There will be no non-zero solution unless one or more of the eigenvalues of the 33 by 33 matrix is equal to 1. Furthermore there will be no solution with a sum of 1 unless there is a corresponding eigenvector with a non-zero sum. Therefore, use matlab's 'eig' function to find its eigenvalues and eigenvectors and if one of the eigenvalues is 1 with a corresponding eigenvector whose sum is non-zero, normalize that eigenvector (divide its elements by their sum) to have sum 1 and that will be a solution.

5 Comments

sp on 18 Jan 2013

i dint get you properly... i have to find x1 x2 .. x33 in

[x1 x2 x3 .... x33] [i have 33x33 matrix where sum of row is 1]=[x1 x2 x3 ... x33]

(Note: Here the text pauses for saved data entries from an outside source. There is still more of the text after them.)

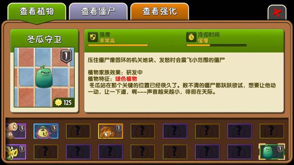 皮糙肉厚-冬瓜守卫,超高血量,优质肉盾,惹恼了冬瓜守卫,它会起跳震杀僵尸。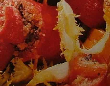 Garnir un plat de service de feuilles de frisées lavées et essorées et répartir dessus les petits rouleaux de poivrons farcis.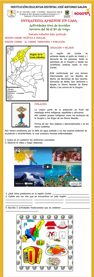 3. ¿Qué clima predomina en la región Caribe: ______________________________ 4. Cuáles son los ríos que se encuentran en esta región: __________________, ______________________, ________________________, ____________________, ______________________, _______________________, ____________________ ______________________ 5. Escribe 2 actividades tradicionales que se celebran _______________________, ___________________________.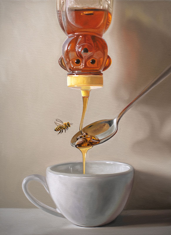 This week’s painting features a tipped honey bear bottle spilling warm golden light across a neutral surface. Three small gummy bears scatter nearby, catching the same glow and casting colored shadows. The painting explores transparency, reflection, and the soft warmth of sweet familiar things.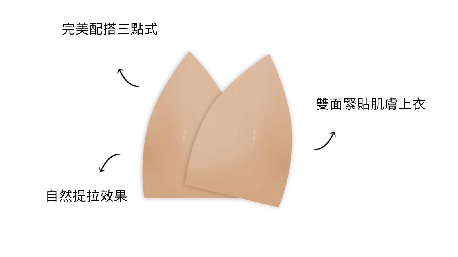 隱形提升胸墊: 薄墊款式,專門提拉塑形,唔會額外升 Cup,最啱配搭 Deep V 打扮同三角形比堅尼。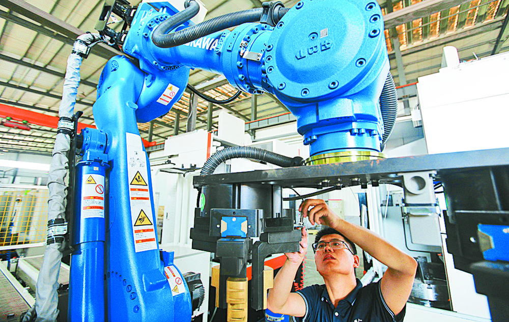 ③山西灵石亨泰荣和金属压铸件有限公司,工人在安装机械手。该公司通过创新转型,成为国内铸造行业领头羊。 唐伟青摄(中经视觉)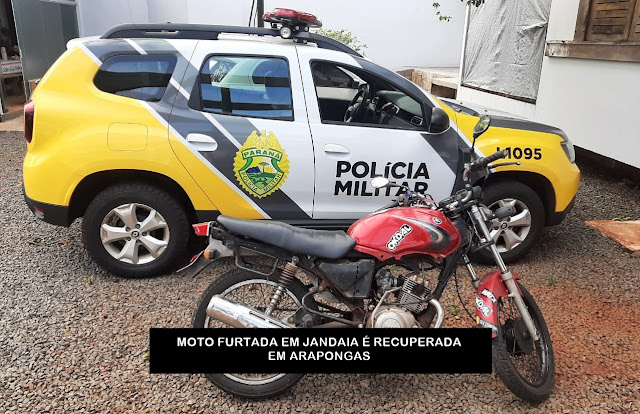 A equipe da Polícia Militar de Arapongas, que estava de plantão, no dia 18 de janeiro de 2023, conseguiu recuperar uma motocicleta furtada em Jandaia do Sul. O veículo foi encontrado na Rua Capitão do Mato, e foi avistado pelos soldados. Era uma Yamaha/YBR 125e, de cor vermelha, cuja placa aparentava ser falsificada. Ao ser consultada, foi verificado constar alerta de furto em data de 28 de dezembro de 2022, conforme boletim registrado em Jandaia. A responsável pela motocicleta identificou-se e afirmou que seu marido era o proprietário e que ele adquiriu em dezembro, pagando R$600,00. Ela então ligou para ele, que compareceu ao local, divergindo, afirmando que pagou mil reais, pois ela estava danificada em acidente. A compra, segundo ele, foi em Mandaguari, cujo vendedor somente identificou como Erik. Diante dos fatos, o homem foi levado para a Delegacia, onde prestaria esclarecimentos. FURTOS -  Ainda, em Arapongas, alguns furtos foram registrados em 18 de janeiro, um deles, no  Bairro Colônia Esperança, levaram uma Motocicleta Honda/XR 200r, cor vermelha, placa AFE-7817, que estava estacionada em uma estrada rural próximo de onde a vítima  estava trabalhando.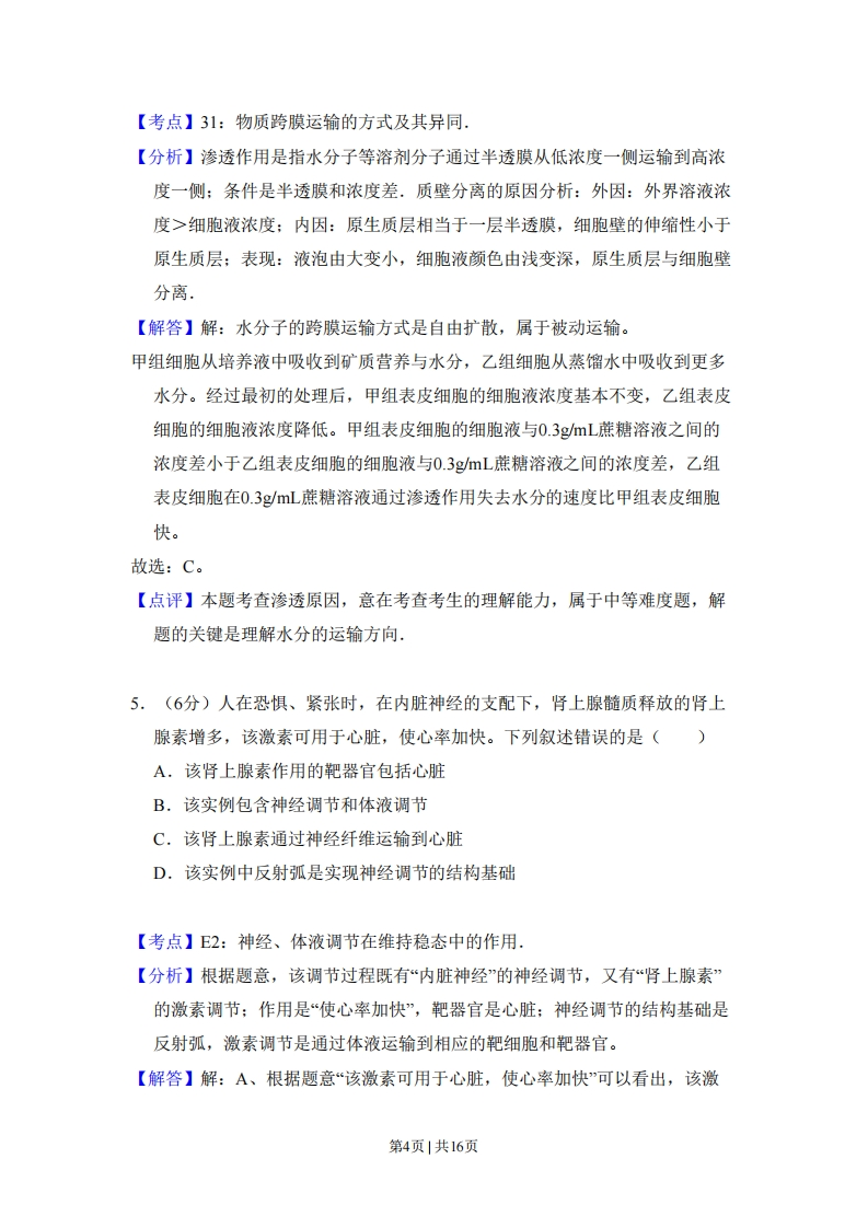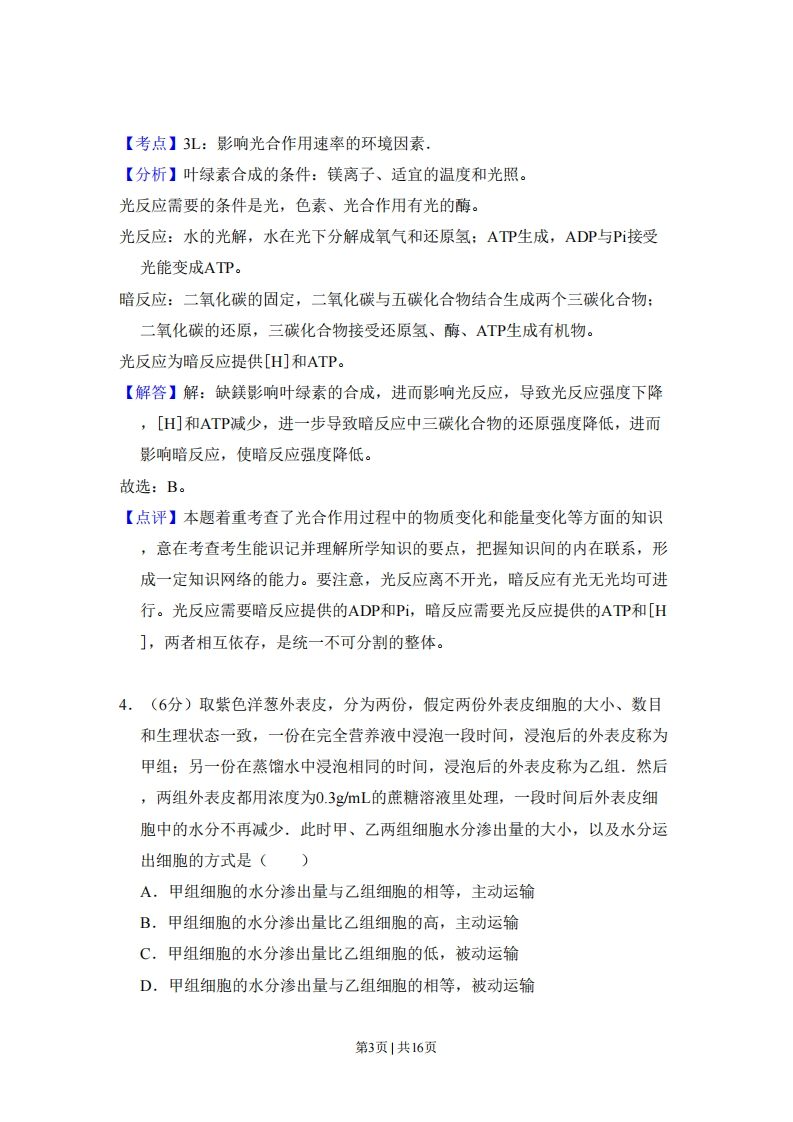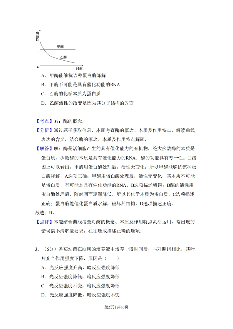 2011年全国统一高考生物试卷(新课标)事考答案与试题佩折一、选择题:本大题共6小题,每小题6分,在每小题给出的四个选项中,只有一项是符合题目要求的.1.(6分)将人的红细胞放入4℃蒸馏水中,一段时间后红细胞破裂,主要原因是(A.红细胞具有水溶性B.红细胞的液泡体积增大C.蒸馏水大量进入红细胞D.低温时红细胞膜流动性增大【考点】22:细胞膜的制备方法.【分析】人和哺乳动物的成熟红细胞内没有细胞核、线粒体等细胞器,是制备细胞膜的好材料,方法即是将红细胞置于低渗溶液如蒸馏水中,使之渗透吸水而胀破,【解答】解:A、细胞膜的基本骨架是磷脂双分子层,而磷脂分子的头部具有亲水性,故A错误:B、人的红细胞属于动物细胞,没有像成熟植物细胞那样的大液泡,故B错误:C、由于细胞膜具有选择透过性,放在蒸馏水中,由于外界浓度低于细胞内浓度,导致吸水涨破,故C正确:D、温度降低时,细胞膜的流动性减弱,故D错误。故选:C。【点评】本题主要考察制备细胞膜的方法与原理,涉及细胞膜的结构、动物细胞结构、渗透作用和细胞膜的结构特点,但难度不大2.(6分)A、B两种酶用同一种蛋白酶处理,酶活性与处理时间的关系如图所示.下列分析错误的是()第1页1共16页活性甲衡乙酶时向A,甲酶能够抗该种蛋白酶降解B.甲酶不可能是具有催化功能的RNAC.乙酶的化学本质为蛋白质D.乙酶活性的改变是因为其分子结构的改变【考点】37:酶的概念,【分析】通过题干获取信息,本题考查酶的概念、本质及作用特点.解读曲线表达的含义,结合酶的概念、本质及作用特点解题【解答】解:酶是活细胞产生的具有催化能力的有机物,绝大多数酶的本质是蛋白质,少数酶的本质是具有催化能力的RNA.酶的功能具有专一性。曲线图上可以看出,甲酶用蛋白酶处理后,活性无变化,所以甲酶能够抗该种蛋白酶降解,A选项正确:甲酶用蛋白酶处理后,活性无变化,其本质不可能是蛋白质,有可能是具有催化功能的RNA,B选项描述错误;B酶的活性用蛋白酶处理后,随时间而逐渐降低,所以其化学本质为蛋白质,C选项描述正确:蛋白酶能催化蛋白质水解,破坏其结构,D选项描述正确。故选:B。【点评】本题结合曲线考查对酶的概念、本质及作用特点灵活运用,常出现的错误搞不清解题要求,往往选成描述正确的选项,3.(6分)番茄幼苗在缺镁的培养液中培养一段时间后,与对照组相比,其叶片光合作用强度下降,原因是()A.光反应强度升高,暗反应强度降低B.光反应强度降低,暗反应强度降低C.光反应强度不变,暗反应强度降低D.光反应强度降低,暗反应强度不变第2页|共16页【考点】3L:影响光合作用速率的环境因素,【分析】叶绿素合成的条件:镁离子、适宜的温度和光照。光反应需要的条件是光,色素、光合作用有光的酶。光反应:水的光解,水在光下分解成氧气和还原氢:ATP生成,ADP与Pi接受光能变成ATP。暗反应:二氧化碳的固定,二氧化碳与五碳化合物结合生成两个三碳化合物:二氧化碳的还原,三碳化合物接受还原氢、酶、ATP生成有机物。光反应为暗反应提供[H]和ATP。【解答】解:缺鎂影响叶绿素的合成,进而影响光反应,导致光反应强度下降,[H)和ATP减少,进一步导致暗反应中三碳化合物的还原强度降低,进而影响暗反应,使暗反应强度降低。故选:B。【点评】本题着重考查了光合作用过程中的物质变化和能量变化等方面的知识,意在考查考生能识记并理解所学知识的要点,把握知识间的内在联系,形成一定知识网络的能力。要注意,光反应离不开光,暗反应有光无光均可进行。光反应需要暗反应提供的ADP和Pi,暗反应需要光反应提供的ATP和[H],两者相互依存,是统一不可分割的整体。4.(6分)取紫色洋葱外表皮,分为两份,假定两份外表皮细胞的大小、数目和生理状态一致,一份在完全营养液中浸泡一段时间,浸泡后的外表皮称为甲组:另一份在蒸馏水中浸泡相同的时间,浸泡后的外表皮称为乙组.然后,两组外表皮都用浓度为0.3gmL的蔗糖溶液里处理,一段时间后外表皮细胞中的水分不再减少,此时甲、乙两组细胞水分渗出量的大小,以及水分运出细胞的方式是()A,甲组细胞的水分渗出量与乙组细胞的相等,主动运输B.甲组细胞的水分渗出量比乙组细胞的高,主动运输C,甲组细胞的水分渗出量比乙组细胞的低,被动运输D.甲组细胞的水分渗出量与乙组细胞的相等,被动运输第3页1共16页

Cedric Wannaz on 18 Jan 2013

Your initial question is not very well written, sp. It seems that we all tried to answer based on some assumption of what you want to do effectively.

If your problem, after transposition, is really

 A x = x   ->   (A-I)x = 0

with A completely defined and you need to find x, then see Walter's answer. But this kind of equations is usually found in a context where you need to find eigen values/vectors, and you are looking for lambda that verifies the following equation for all x

 A x = lambda x  ->  (A-lambda I) x = 0

So here x can be anything, which sets constraints on lambda (leading to a set of eigen values).

When I read you question (and it might be the same for the others who answered), I was sure that you had either forgotten some lambda, or some constant right-hand side vector.

Also, this information about all x components summing up to 1 that came later as a comment (which is not the same as "sum of matrix rows is 1" that came even later), is indeed a 34th equation in your system with 33 unknowns (if this is really what you are trying to solve).. something to meditate.

sp on 19 Jan 2013

yes cedric you are right... i realized bit later... i got the solution now...same procedure

Roger Stafford
Answer by Walter Roberson on 17 Jan 2013

Solution: let all the unknowns be 0.

1 Comment

sp on 17 Jan 2013

i shd get values of these unknowns.... and sum of x1 + x2 + .... + x33 = 1

Walter Roberson
Answer by Roger Stafford on 19 Jan 2013

I didn't realize that by "33x33 nnormalized matrix" you meant that its rows each have a sum of 1. In that case I believe there will be at least one eigenvalue of 1 and my warning no longer applies. You can solve for your vector as follows. Let A be your 33 x 33 matrix in which each row has a sum of 1.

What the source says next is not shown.